● **What the exercise asks**: The answer must reproduce all of the data below exactly and contain no images.
Extracted entries Start Marker
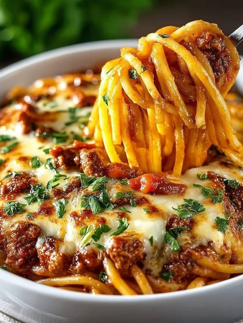 Leckeres proteinreicher spaghetti-auflauf Rezept mit detaillierten Anweisungen und Nährwertangaben.
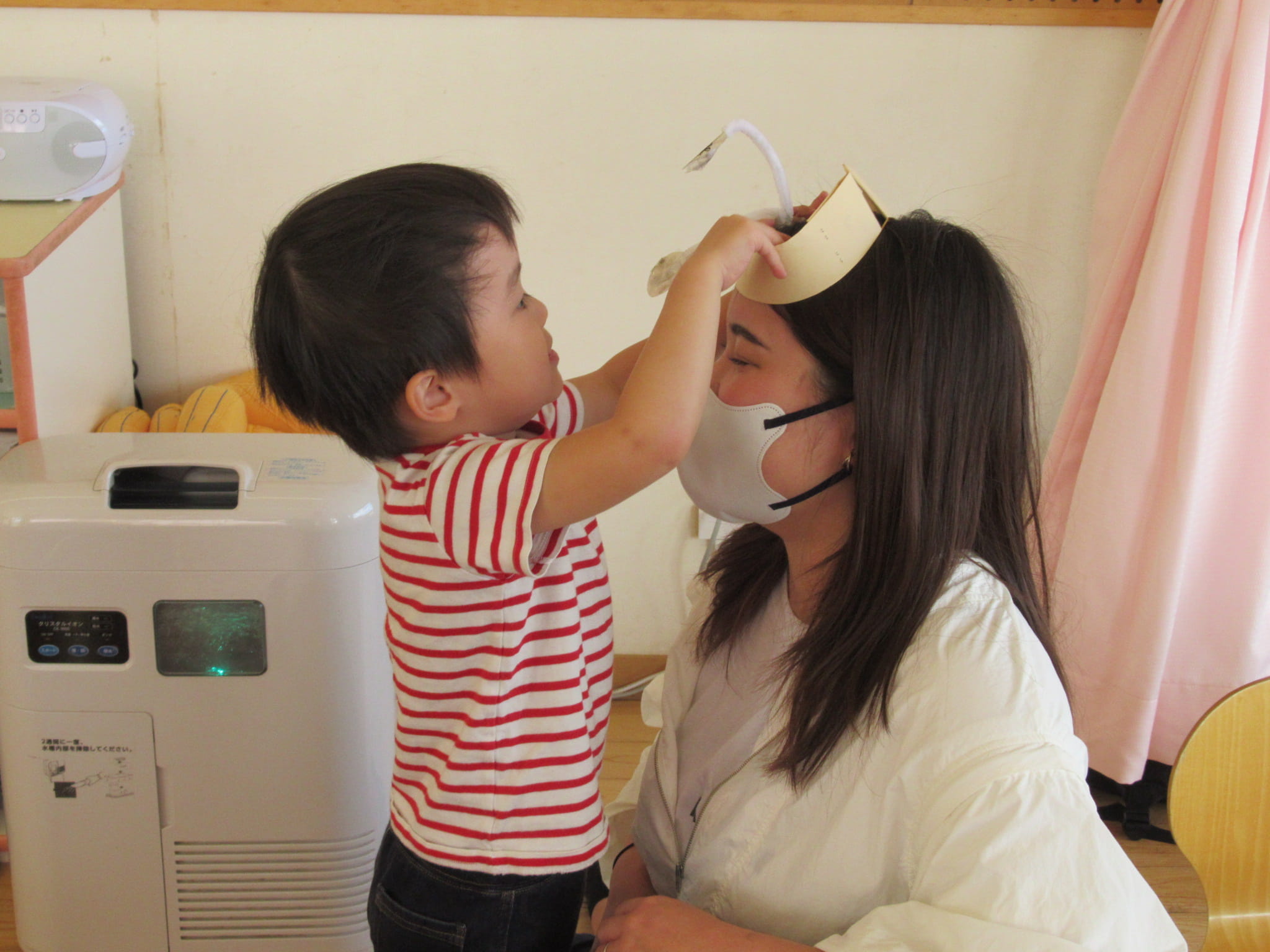 部屋では、一緒に玩具で遊んだり制作物をつくったりして
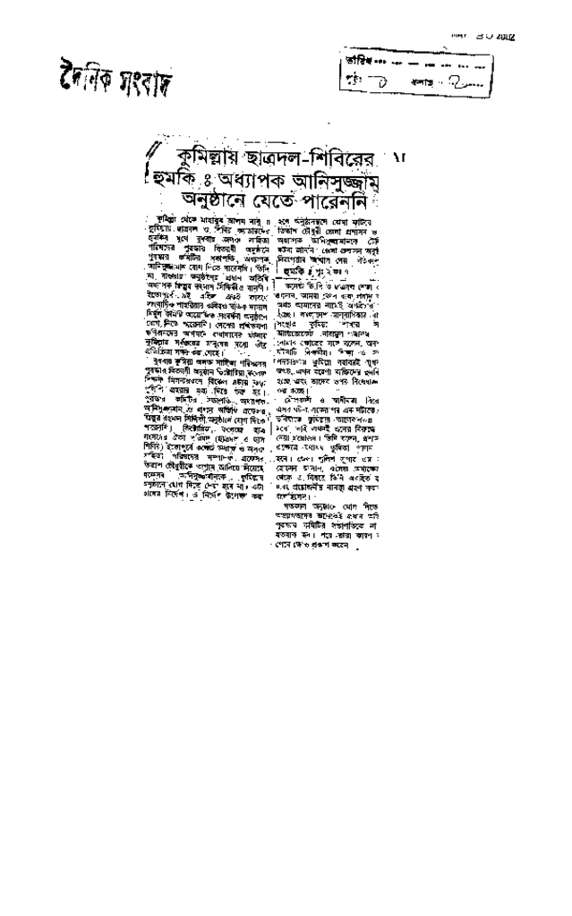 কুমিল্লায় ছাত্রদল-শিবিরের হুমকিঃ অধ্যপক আনিসুজ্জাম অনুষ্ঠানে যেতে পারেননি
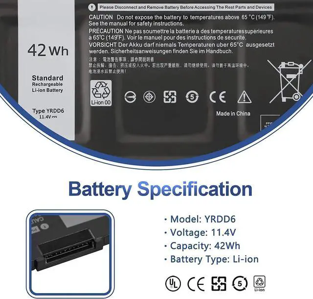 42Wh YRDD6 1VX1H Batería de Repuesto para computadora portátil Compatible for Dell Inspiron 7586 5482 5485 5491 5591 3310 2-in-1 5593 5591 5480 3493 3582 3583 3584 3593 3793 5493 5585 5590 VM732
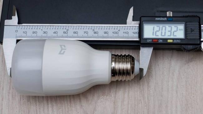 Лампочка довольно массивная, цоколь — самый распространенный Е27. Большая часть лампочки — скрывается за белым непрозрачным пластиком с логотипом Yeelight, примерно треть лампочки — за полупрозрачной крышкой, за которой находятся светодиоды.
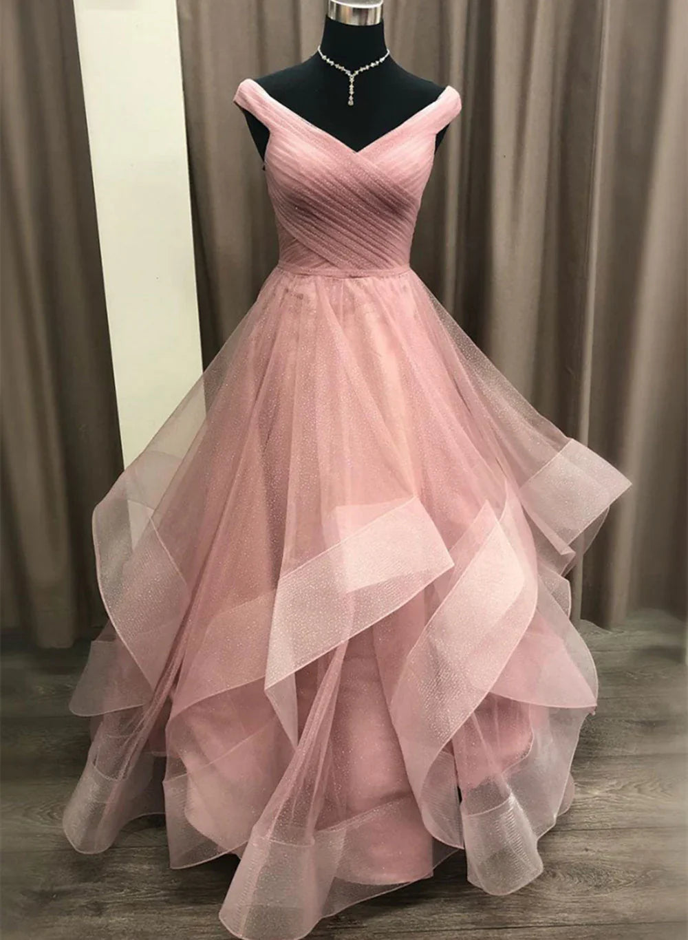Pink Tulle Layers Long Formal Dress, Pink Tulle A-line Prom Dress HZ1024
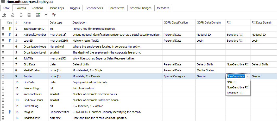 Dataedo is a great tool to discover and classify columns in your databases holding sensitive data. Classification is made with the use of labels in custom fields. Classification is browsable through both the Web Catalog and Desktop.
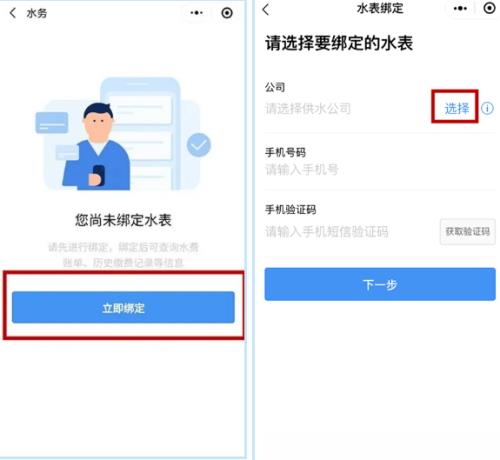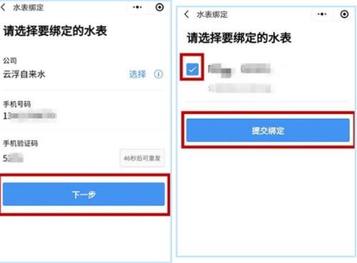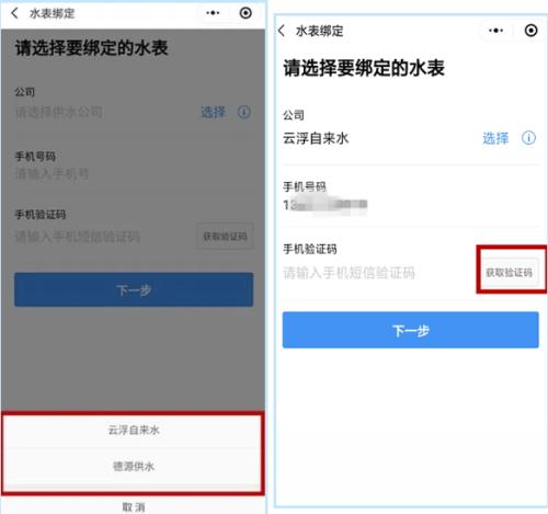 2> 在绑定界面,点击“立即绑定”→可选“云浮自来水”或“德源供水”→手机号码(水司系统登记的联系号码)→“获取验证码”→接收验证码。每次获取验证码的有效时间为60秒,如果超时未能获取到验证码,可以再次点击“获取验证码”进行获取。
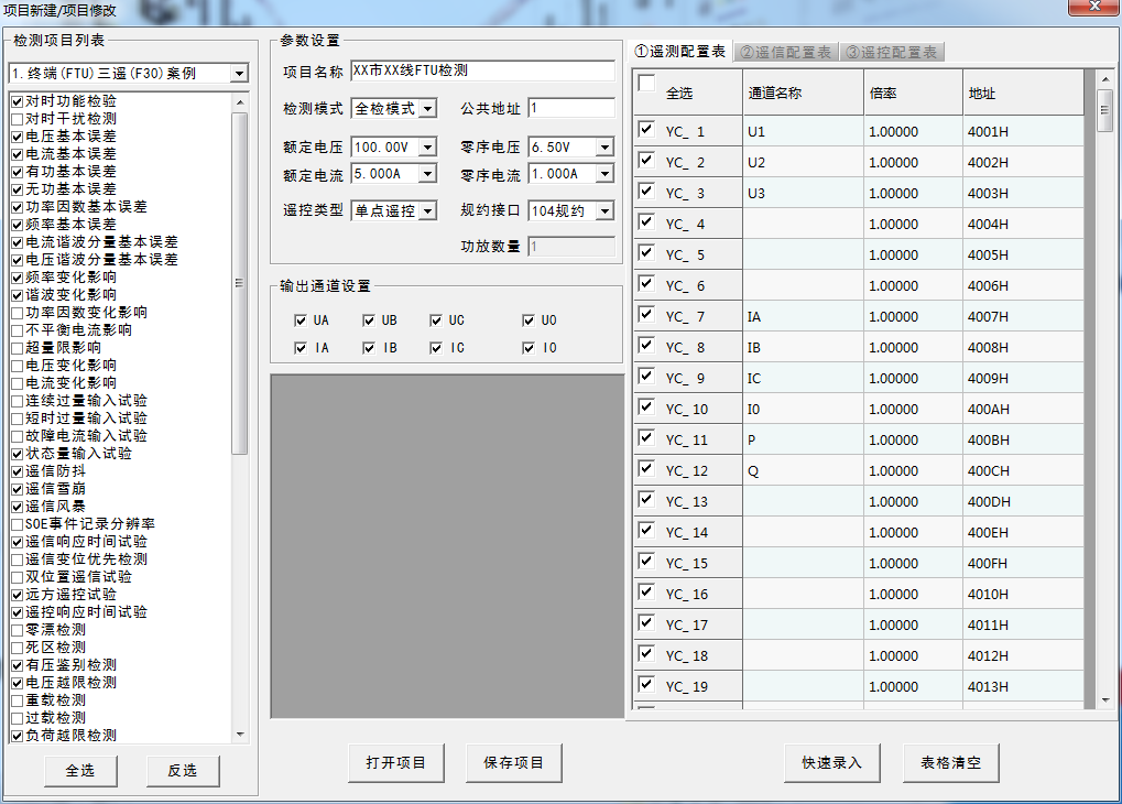 (2)自定義項(xiàng)目名稱,根據(jù)需要選擇全檢或抽檢,公共地址為終端設(shè)置的地址(從FTU/DTU廠家獲?。?。 輸入被測FTU/DTU基本參數(shù)、額定電壓、額定電流、零序電壓和零序電流等。 根據(jù)FTU/DTU信息選擇對應(yīng)的遙控類型(單點(diǎn)或雙點(diǎn))和通信規(guī)約(IEC101或104)。
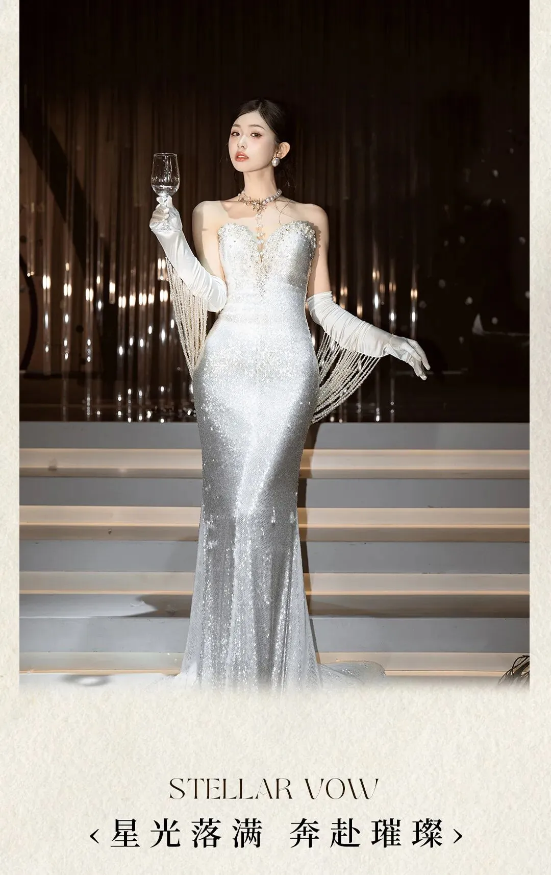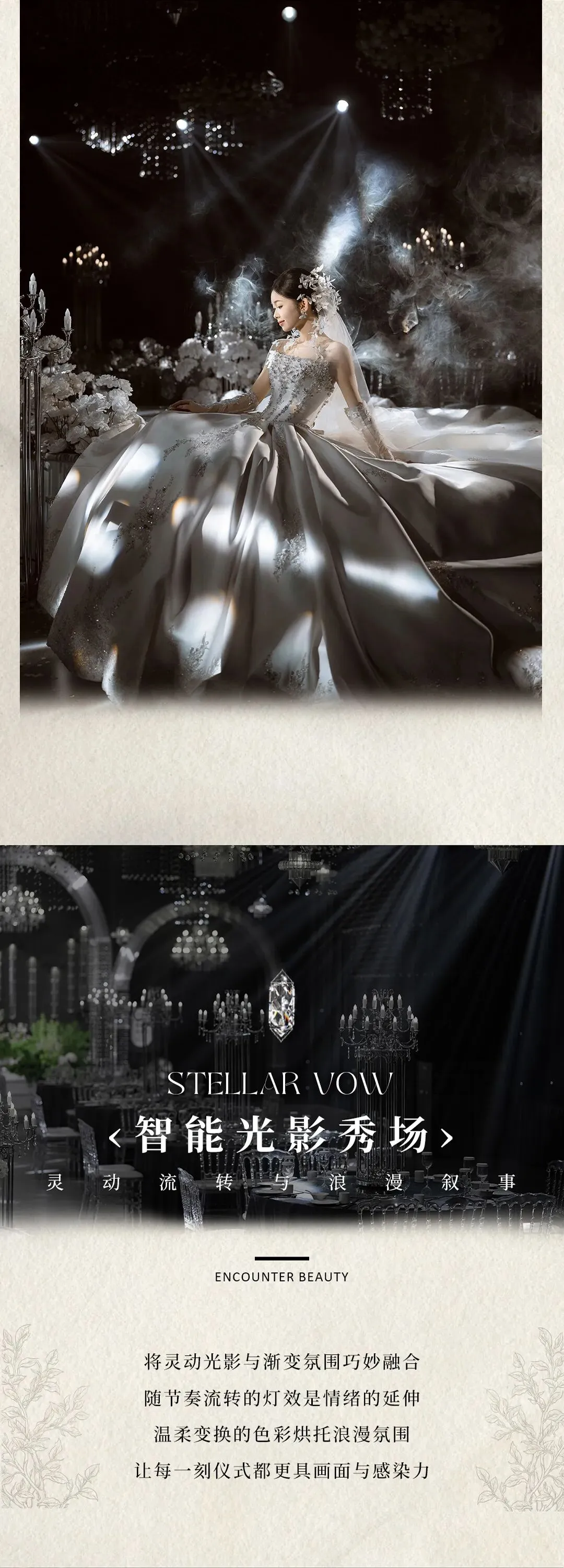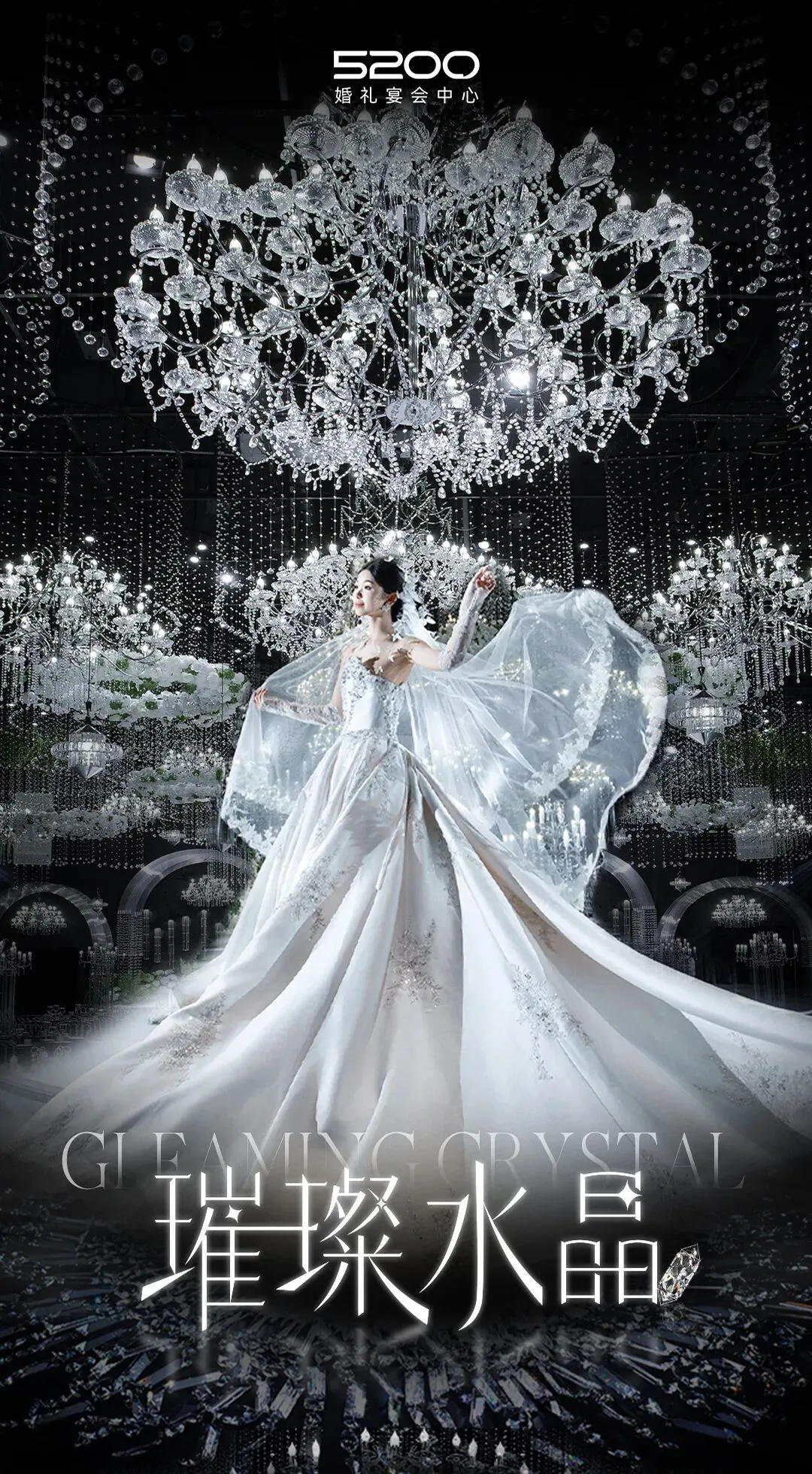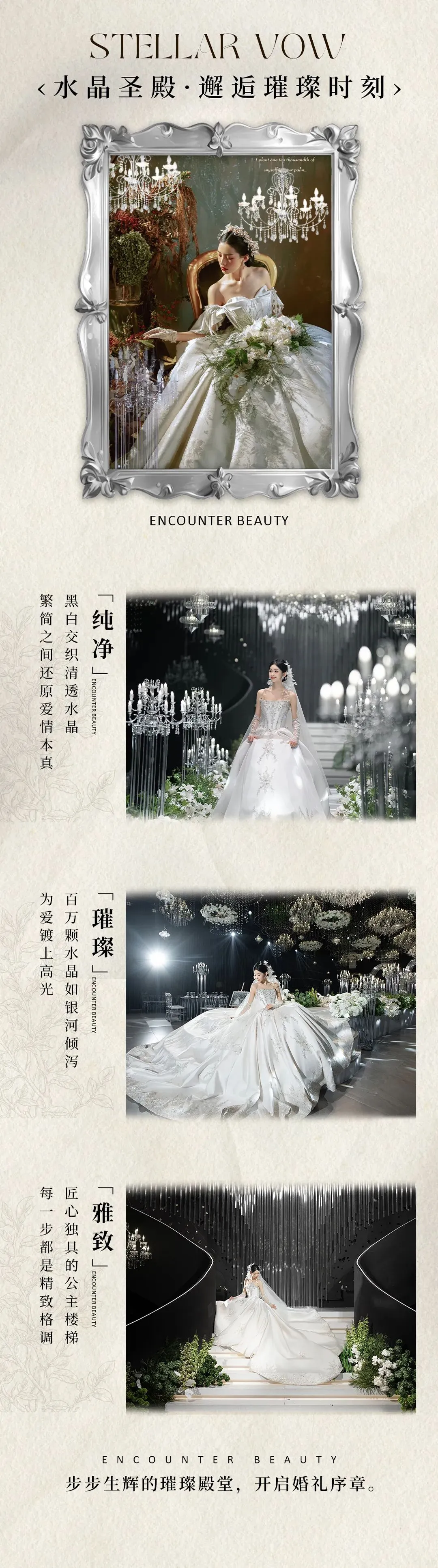 将璀璨流光与韩式纯净美学巧妙融合,百万颗水晶形成的星河是永恒的隐喻,质感与诗意的元素贯穿整场婚礼。
Extracted entries End Marker
● **Result of the exercise**:
 Leckeres proteinreicher spaghetti-auflauf Rezept mit detaillierten Anweisungen und Nährwertangaben.
 部屋では、一緒に玩具で遊んだり制作物をつくったりして
 কুমিল্লায় ছাত্রদল-শিবিরের হুমকিঃ অধ্যপক আনিসুজ্জাম অনুষ্ঠানে যেতে পারেননি
 42Wh YRDD6 1VX1H Batería de Repuesto para computadora portátil Compatible for Dell Inspiron 7586 5482 5485 5491 5591 3310 2-in-1 5593 5591 5480 3493 3582 3583 3584 3593 3793 5493 5585 5590 VM732
 Лампочка довольно массивная, цоколь — самый распространенный Е27. Большая часть лампочки — скрывается за белым непрозрачным пластиком с логотипом Yeelight, примерно треть лампочки — за полупрозрачной крышкой, за которой находятся светодиоды.
Pink Tulle Layers Long Formal Dress, Pink Tulle A-line Prom Dress HZ1024
 Dataedo is a great tool to discover and classify columns in your databases holding sensitive data. Classification is made with the use of labels in custom fields. Classification is browsable through both the Web Catalog and Desktop.
 2> 在绑定界面,点击“立即绑定”→可选“云浮自来水”或“德源供水”→手机号码(水司系统登记的联系号码)→“获取验证码”→接收验证码。每次获取验证码的有效时间为60秒,如果超时未能获取到验证码,可以再次点击“获取验证码”进行获取。
 (2)自定義項(xiàng)目名稱,根據(jù)需要選擇全檢或抽檢,公共地址為終端設(shè)置的地址(從FTU/DTU廠家獲?。?。 輸入被測FTU/DTU基本參數(shù)、額定電壓、額定電流、零序電壓和零序電流等。 根據(jù)FTU/DTU信息選擇對應(yīng)的遙控類型(單點(diǎn)或雙點(diǎn))和通信規(guī)約(IEC101或104)。
 将璀璨流光与韩式纯净美学巧妙融合,百万颗水晶形成的星河是永恒的隐喻,质感与诗意的元素贯穿整场婚礼。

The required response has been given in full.